Things aren't looking great for oxycodegol, a potential new pain drug that has been in Nektar Therapeutics' (NKTR) late-stage pipeline for a long time. The FDA will discuss the slow-acting opioid's benefits in light of its risks with a panel of independent experts on Jan. 14, 2020, and recently released briefing documents prepared for the advisory committee aren't too encouraging.
Chronic pain intense enough to limit life and work activities affects roughly 20 million adults in the U.S. and for many that pain originates in the lower back. While millions of Americans that rely on powerful opioids to manage their chronic lower back pain (CLBP) would like a better treatment option, the FDA doesn't appear convinced oxycodegol fits the bill.
Risks versus benefits
Oxycodegol's key selling point is a central nervous system absorption rate that's much slower than often abused opioid drugs. It's currently regulated by the DEA as a Schedule 2 controlled substance and the FDA doesn't think it belongs in a less restrictive setting. That's partly because the data submitted shows oxycodegol's oral abuse potential is comparable to oxycodone.

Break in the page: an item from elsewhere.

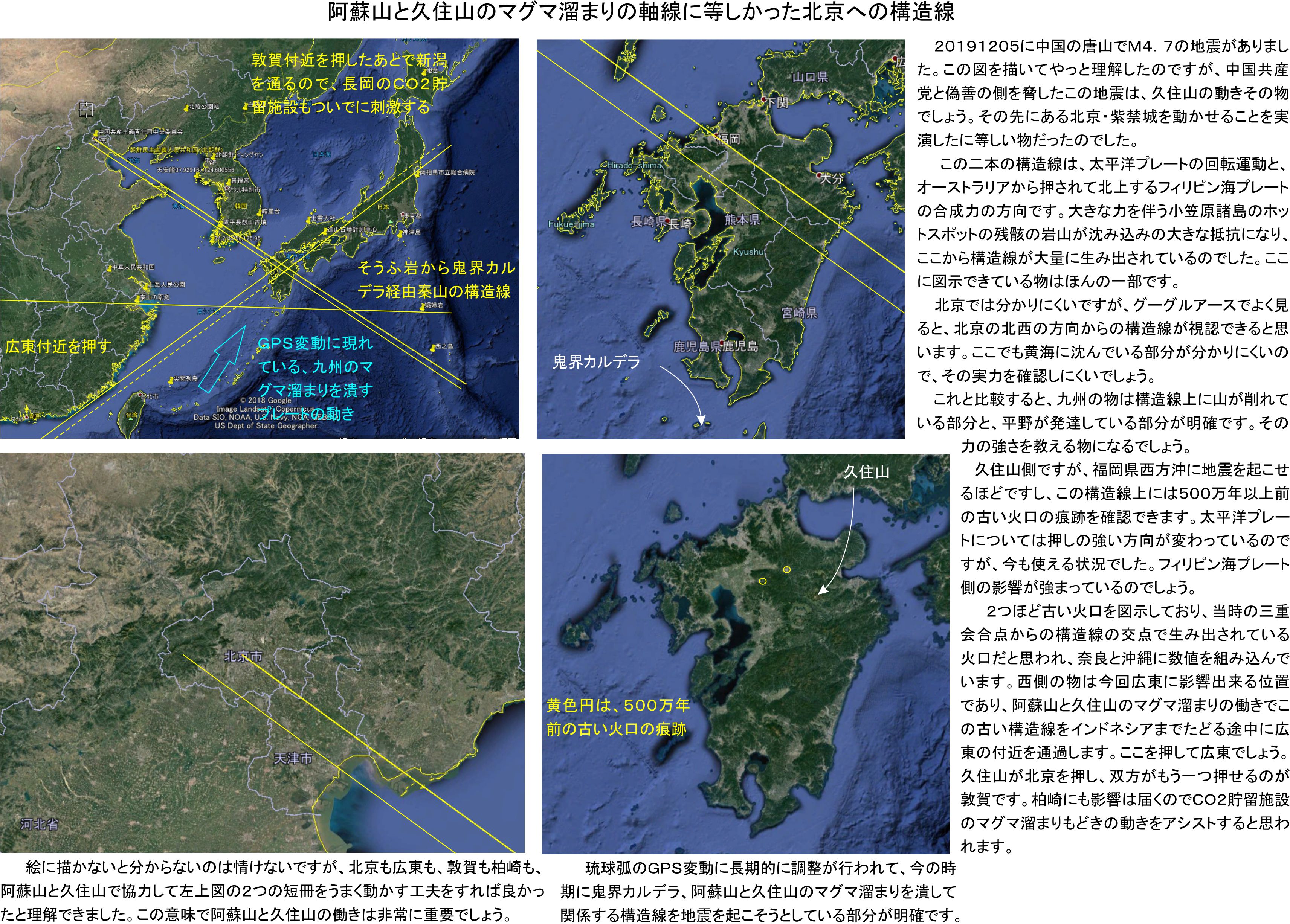 20191205に中国の唐山でM4.7の地震がありました。イラスト1枚目のこの図を描いてやっと理解したのですが、中国共産党と偽善の側を脅したこの地震は、久住山の動きその物でしょう。その先にある北京・紫禁城を動かせることを実演したに等しい物だったのでした。

In the FDA's briefing document we also learned that the agency advised Nektar Therapeutics to present two successful studies that show oxycodegol's benefits outweigh its risks among the larger chronic pain population. Instead, Nektar's attempting to earn approval for the smaller population of people with CLBP based on one successful trial.
Once you add it all up, the odds of a positive advisory committee meeting for the pharmaceutical company are very slim. Don't be surprised if the panel members decide it's best if Nektar applies again with more convincing data from a second pivotal study.